The Register Guard in Oregon. “Foreclosure filings climbed 78 percent, to 139, in Lane County in the first quarter of this year compared to the same time in 2013, according to RealtyTrac. John Helmick, CEO of Eugene-based Gorilla Capital, is not surprised by the jump. He predicted in January that Oregon would be one of the few states with more foreclosure starts in 2014 than in 2013. The reason: A change in state law that went into effect last summer requires lenders and homeowners to go through mediation before a home can be foreclosed on.’

“That change didn’t avoid foreclosure for many distressed homeowners, Helmick said. Those people were so far behind on payments, on houses worth less than they paid, that foreclosure was inevitable, he said. What it did was create a backlog of homes inevitably headed for foreclosure, he said, many of them ‘zombie’ homes that were in bad shape, abandoned and left to deteriorate further. A few years ago, about half of the houses his company bought were abandoned, vacant homes, he said; today, about 82 percent are.”

“These houses can compete for buyers, he said, but he doesn’t think the number of homes his company will put up for sale at any one time will have a major effect on the market. Home sales are affected by a number of factors — ‘how well the economy is doing, employment, mortgage rates,’ he said. Gorilla’s homes may have a small effect on the market, Helmick said, ‘but a change in interest rates would have more.’”
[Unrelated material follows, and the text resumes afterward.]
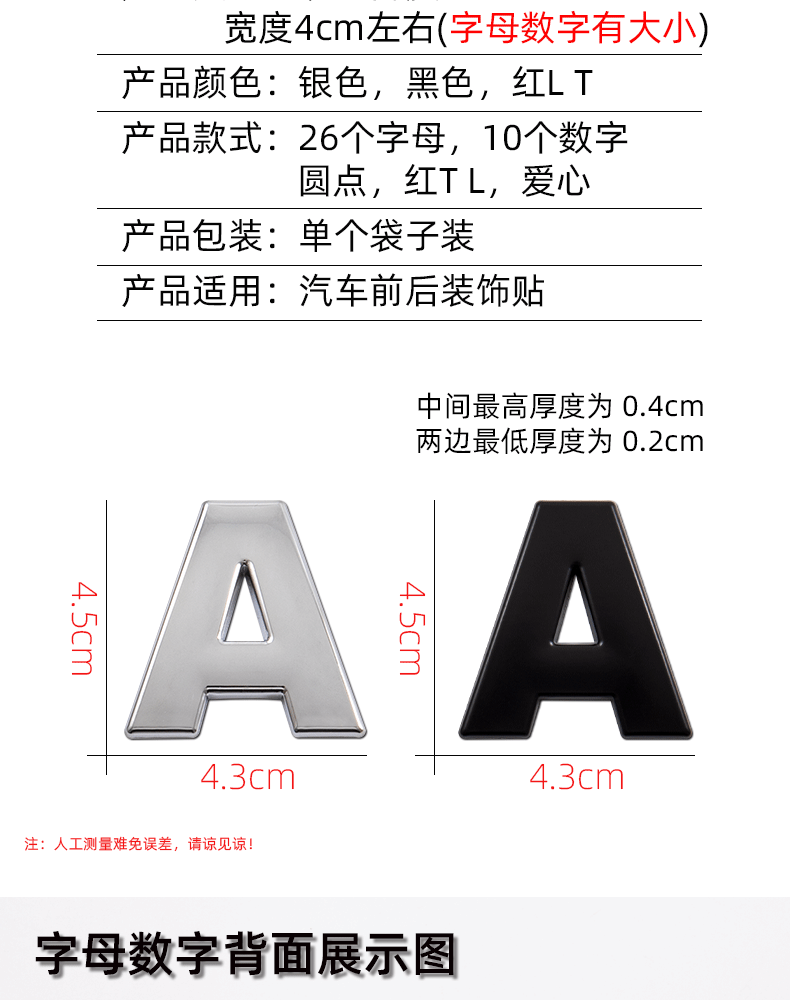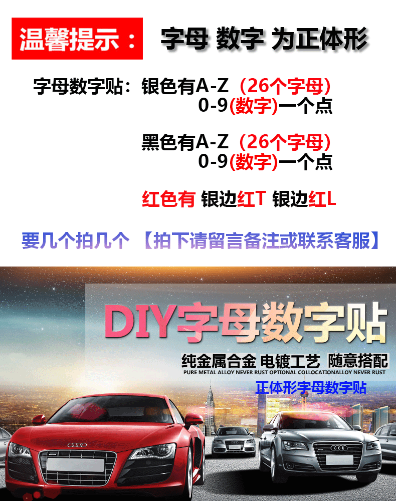 자동차 대형 영어 알파벳 성격 DIY 바디 조합 스티커 금속 3D 디지털 자동차 스티커 알파벳 스티커스토어 가기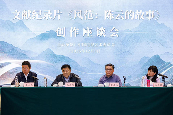 为深入学习贯彻习近平总书记在纪念陈云同志诞辰120周年座谈会上的重要讲话精神,持续深化对陈云同志思想生平的研究宣传,及时总结领袖人物题材文献纪录片创作经验,2025年12月5日,由中国电视艺术委员会主办的文献纪录片《风范:陈云的故事》创作座谈会在北京召开。

The Irish Times. “A couple of weeks ago, I wrote a column about the fact that nothing has changed in Ireland politically. Because I’ve been thinking about where we’re at, right now, 2014, more and more. The issue now is not only the opportunity to change things for the better actually gone, but that the government is relentless in erasing the past, walking around like the lads from Men In Black waving their memory wand neuralyzers in our faces.”

“I occasionally throw an eye on what houses are going for in Dublin. One interesting property struck me the other day, which could act as a parable for the property market right now in the capital. A two-bedroom cottage in Stoneybatter that sold for just under €110k last summer went sale agreed after the asking price was set at €250k recently. There you have it folks, it’s those memory wands again.”

“Now it’s not like our property bubble burst generations ago, thus excusing the repetition of past behaviour. In terms of the wider context of history, our monumental property screw ups didn’t happen ‘just yesterday,’ they happened five minutes ago. Of course there is a supply problem in Dublin. But one of the reasons for that issue of supply is the countless people who are in negative equity. There’s little movement in the market because people are stuck. Stuck in places they don’t want to live in. Stuck with houses and apartments they don’t want.”

“A property bubble is not just being created, it’s already there. And now people want to buy again. Despite the property mistakes made five minutes ago, those who kept their heads down and didn’t fork over money during the first property boom are out looking for properties, and day in day out, the asking prices are creeping up, ten, twenty, thirty, forty, fifty, sixty grand. I’d say estate agents are in a tizzy. They probably don’t even know what to price most properties at in the city. Can we not see that this is THE EXACT SAME THING that happened previously? It’s a micro version of it, but it’s the exact same.”